Est maintenue l’approche par les quatre niveaux de risques, suivant laquelle doit être identifié un risque significatif pour la santé, la sécurité, les droits fondamentaux des personnes ou l’environnement. Les systèmes d’IA à hauts risques, autorisés mais strictement encadrés, doivent respecter une série d’obligations de supervision humaine, de gouvernance des données, de documentation, d’évaluation et de cybersécurité. Ces systèmes d’IA à hauts risques sont énoncés parmi huit domaines : les systèmes biométriques ; la gestion et l’exploitation des infrastructures critiques ; l’éducation et la formation professionnelle ; l’emploi ; l’accès aux services privés et publics essentiels et aux prestations sociales ; les autorités répressives ; la gestion de l’immigration, de l’asile et les contrôles aux frontières ; l’administration de la justice et les processus démocratiques. Le Parlement charge le fournisseur d’estimer l’existence du risque, selon un principe d’autoévaluation et sous peine d’amende pouvant aller jusqu’à 4 % du chiffre d’affaires annuel mondial de l’entreprise. Le Parlement a aussi modifié la qualification de certains systèmes d’IA à hauts risques, désormais interdits, comme les systèmes destinés à évaluer les risques d’apparition ou de réitération d’une infraction pénale ou administrative réelle ou potentielle, sur la base du profilage d’une personne physique ou sur l’évaluation des traits de personnalité et des caractéristiques. Le Parlement ajoute aussi de nouveaux systèmes à hauts risques, comme ceux utilisés pour influencer les électeurs lors de campagnes politiques.
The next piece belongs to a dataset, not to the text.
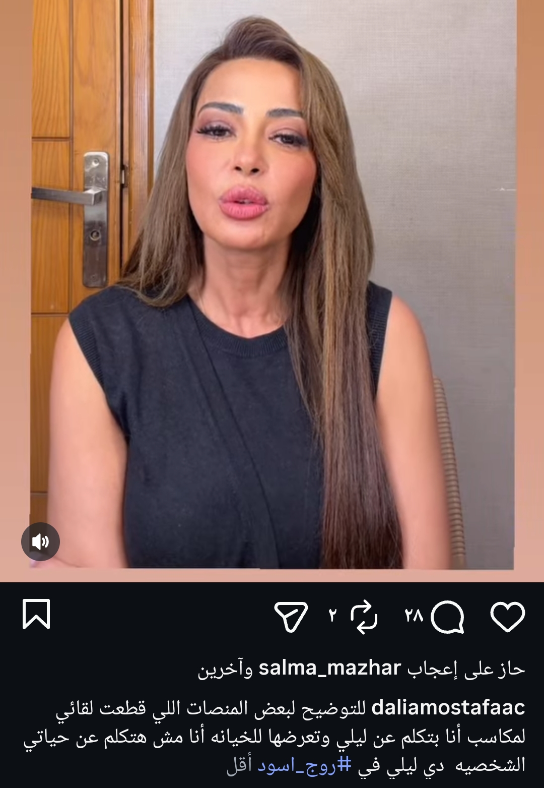 ونشرت داليا مصطفى، مقطع فيديو لها حتى تكشف من خلاله الحقيقة، وذلك عبر حسابها الشخصي بموقع تبادل الصور والفيديوهات الشهير إنستجرام، وعلقت قائلة: “للتوضيح لبعض المنصات إللي قطعت لقائي لمكاسب أنا بتكلم عن ليلى وتعرضها للخيانة في روج أسود، أنا مش هتكلم عن حياتي الشخصية دي ليلى”.

Quelle place l’Union européenne entend-t-elle occuper en matière de régulation de l’Intelligence artificielle ?

Le règlement sur l’intelligence artificielle met en œuvre l’engagement politique pris par Ursula von der Leyen, présidente de la Commission européenne, dans ses orientations pour la Commission 2019-2024 (« Une Union plus ambitieuse »). Elle annonçait que la Commission présenterait une proposition législative en vue de l’adoption d’une approche européenne coordonnée relative aux implications humaines et éthiques de l’IA, conformément aux valeurs de l’UE et aux droits fondamentaux. Le 19 février 2020, la Commission a publié son livre blanc intitulé « Intelligence artificielle – Une approche européenne axée sur l’excellence et la confiance » qui a conduit à la proposition de règlement.

D’un point de vue géopolitique, l’Union européenne a pour objectif de détenir avec ce règlement, le leadership normatif en étant la première entité mondiale à se doter d’un cadre juridique complet et global pour limiter les risques de l’IA. Face à la Chine et aux États-Unis, elle désire devenir une référence internationale en matière de régulation de l’IA. Le champ d’application du règlement a d’ailleurs un effet extraterritorial : il s’applique aux fournisseurs qui placent sur le marché ou mettent en service des systèmes d’IA dans l’Union, peu importe si ces derniers se trouvent dans un État membre ou dans un pays tiers. Le règlement s’applique même si les fournisseurs et utilisateurs sont situés en dehors de l’Union, dès lors que les résultats des systèmes d’IA sont utilisés dans l’Union.

Quelles sont les prochaines étapes concernant l’adoption du projet de loi ?

L’adoption par le Parlement européen marque le début des négociations interinstitutionnelles entre la Commission européenne, le Parlement européen et le Conseil de l’Union européenne (les trilogues) qui ont débuté le soir même du vote avec une rencontre introductive. Deux trilogues sont déjà programmés sous la présidence espagnole, les 18 juillet et 26 septembre, en vue d’obtenir un accord des institutions en octobre prochain. L’interdiction de l’identification biométrique pourrait représenter un point de divergence majeur entre le Parlement européen et le Conseil de l’Union européenne. Dans le meilleur des cas, le règlement n’entrera pas en application avant 2025.